For Deleuze, as for Foucault and Lyotard, the activity of political reflection must have as a primary goal the freeing of an individual (be that individual a person, a group, or a practice) for new practices, practices that change, undermine, or abandon the power relationships that keep old practices in place. Foucault addresses the same concern in his description of philosophical “curiosity”:
"...not the curiosity that seeks to assimilate what it is proper for one to know, but that which enables one to get free of oneself… There is always something ludicrous in philosophical discourse when it tries, from the outside, to dictate to others, to tell them where their truth is and how to find it, or when it works up a case against them in the language of naive positivity. But it is entitled to explore what might be changed, in its own thought, through the practice of a knowledge that is foreign to it." (Foucault, The History of Sexuality, Vol. 2: The Use of Pleasure)
pataphysician
in reply to pataphysician • •As such, experimentation is a sober and often tentative activity. One experiments by constructing practices that one is prepared to abandon if their effects are intolerable. The recognition of contingency that inhabits networks of practices brings in its wake another recognition: practices that seem liberating may, because of unexpected interactions with or developments of other practices, have consequences very different from those imagined by their initiators. There is no blueprint for practice. The ethical principles that help one to judge practice remain; but one can only experiment in their realization.

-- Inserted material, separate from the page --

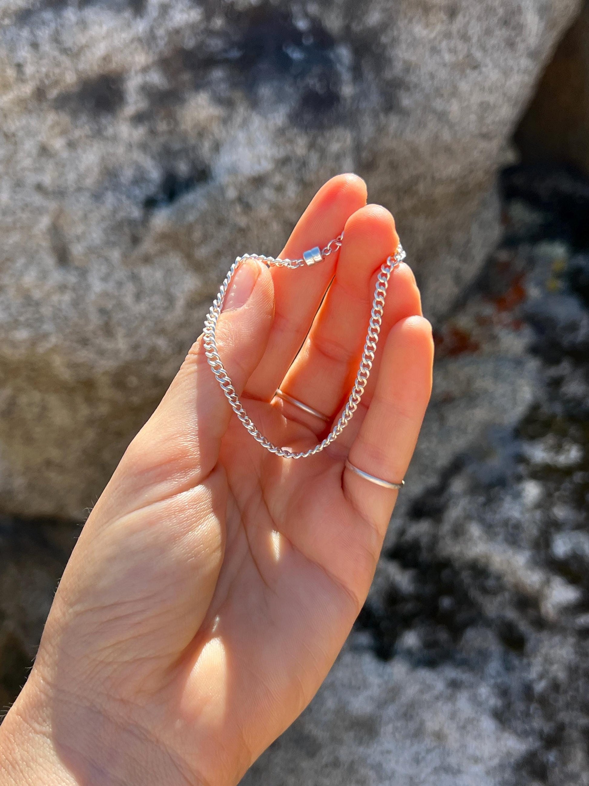 Available in two lengths for that perfect custom fit, this Sterling Silver Cuban Curb Link bracelet is a subtle way to bring a little bling into your everyday style. The 3.15mm chain is lightweight and is finished with a sterling silver magnetic clasp.

One such experimentation, discussed by Deleuze, is that of “becoming minor.” It is a concept best understood as engaging in a practice that, while within the social network of practices and thus not transgressing that network, occupies a place that disrupts dominant practices by showing creative possibilities within those practices which would escape the political oppressions associated with them. To engage in a becoming-minor is to construct a line of flight within the social network by constructing—or following—one of the stems of the social rhizome that in the same gesture entangles dominant stems and is a positive possibility for practice. Regarding language, Deleuze and Guattari claim that “it is certainly not by using a minor language as a dialect, by regionalizing it or ghettoizing, that one becomes revolutionary; rather, by using a number of minority elements, by connecting, conjugating them, one invents a specific, unforeseen, autonomous becoming.”